OverStrike control character

Mark E. Shoulson mark at kli.org
Sun Jun 21 18:47:34 CDT 2020


On 6/20/20 9:31 PM, abrahamgross--- via Unicode wrote:
> Basically, yes. unicode has plenty of basic geometric shapes throughout that can be utilized to build interchangeable (and non-PUA) characters. (if Classical Yi ever get accepted, then youll be able to use just about any shape out there for your overstriking needs (the proposal lists over 88k new chars!))

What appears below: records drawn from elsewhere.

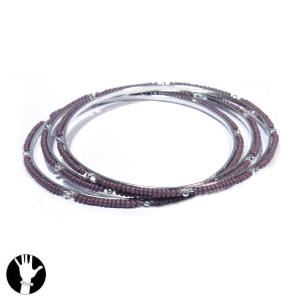 Lot de 3 bracelets fantaisie rigides en métal argenté et verre.
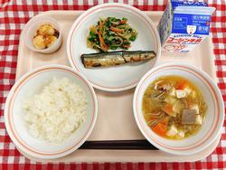 ごはん さんまのかんろ煮 なめたけ和え 豚汁 白玉の黒蜜きなこ 牛乳
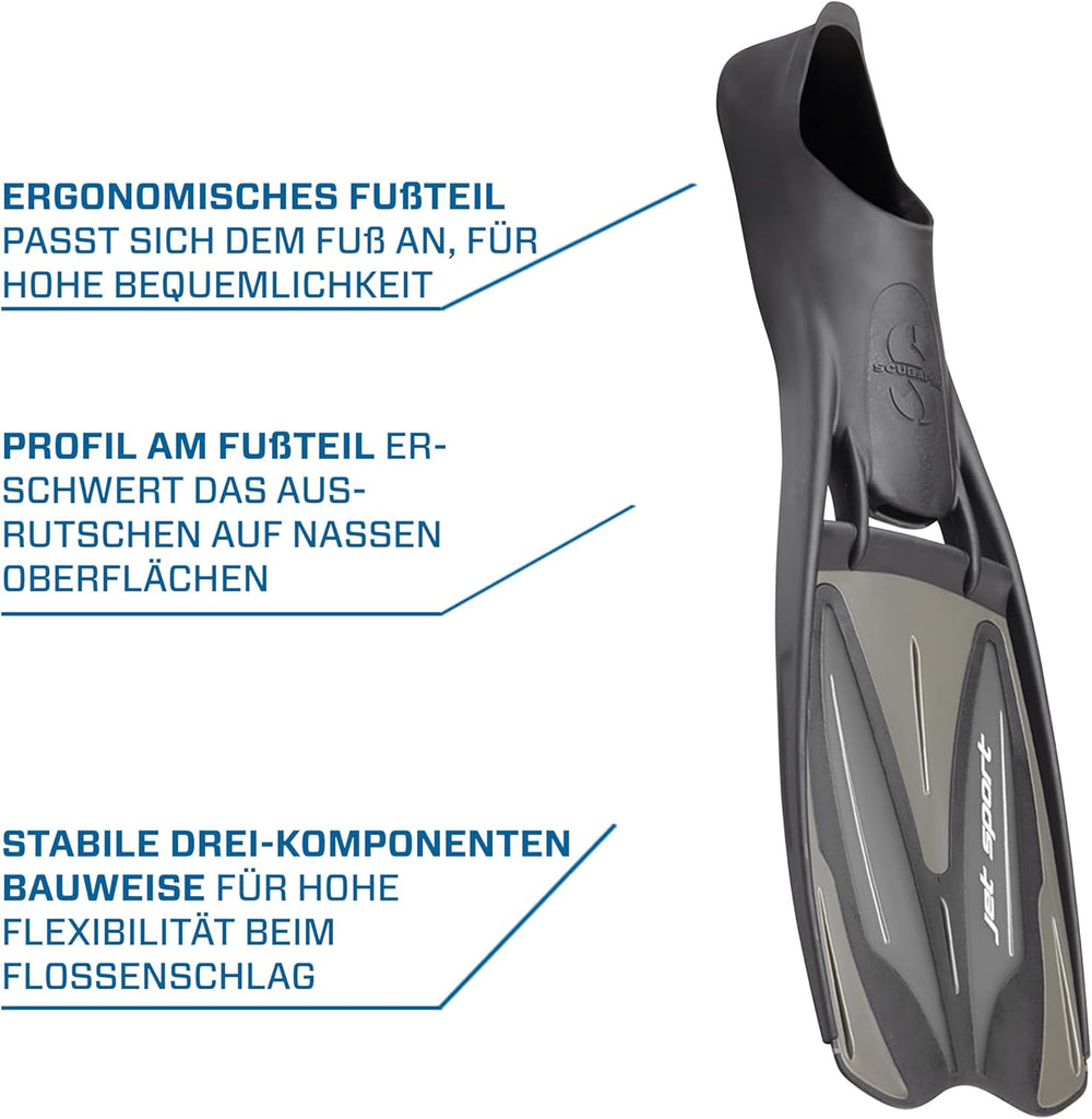 SCUBAPRO Jet Sport Fin Flossen 11/12 schwarz / grau, 11/12 schwarz / grau
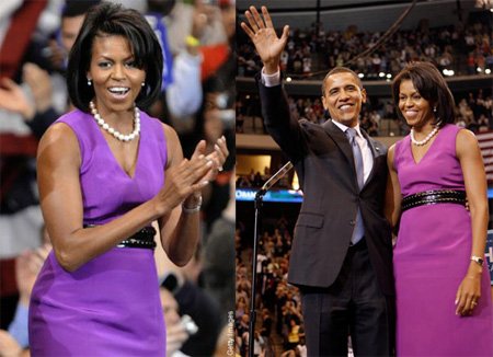 마리아가 디자인한 밝은 보라색 민소매 원피스도 미셸이 오바마가 지난달 미네소타주 세인트폴 유세에서 선보여 인기를 끌었다. 굵은 알의 진주 목걸이에 검은 벨트로 포인트를 준 미셸은 또 한번 패션으로 전 국민을 압도했다.
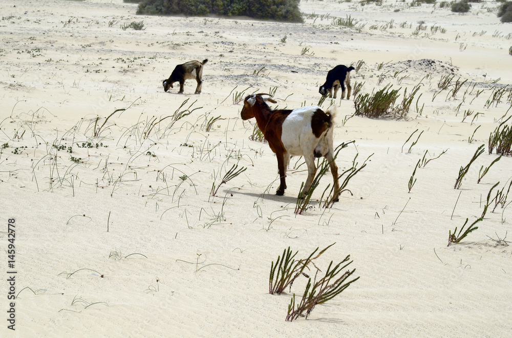 Spain, Canary Island, Fuerteventura, goats in desert landscape

Essentially "painting" with characters.  Which wouldn't work in a 
consistent fashion (you point out yourself it won't render things the 
same if you use different fonts) and would be MUCH more complicated to 
use than just encoding some vector drawing language with Unicode 
code-points (which has been suggested, and has its own raft of issues).  
Which set of Yi characters will paint just the picture of George 
Washington that I want...?  Easier to paint it!

You had previously said

>> What about overstriking a LTR character with a RTL one, or vice-versa?  Which way does the text go after that?
>>
> The text after that goes in the direction of the text afterwards. So for “L←י‎א‎ב” its gonna look like “[L‌י‎]‎ב‎א‎” and for “L←יab” its gonna look like “[Lי]ab”. Meaning that only the very next letter gets overstruck, and anything afterwards continues on like it would normally.
It's not about what happens if you put a strong LTR or RTL character 
afterwards.  Those always carry their own directionality!  Read up on 
the Unicode Bidi algorithm.  The direction of a stream of text is 
stateful, and some characters adapt themselves to what the current 
directionality is.  If I have A←א, what state does that leave things 
in?  Is it the same or different from א←A?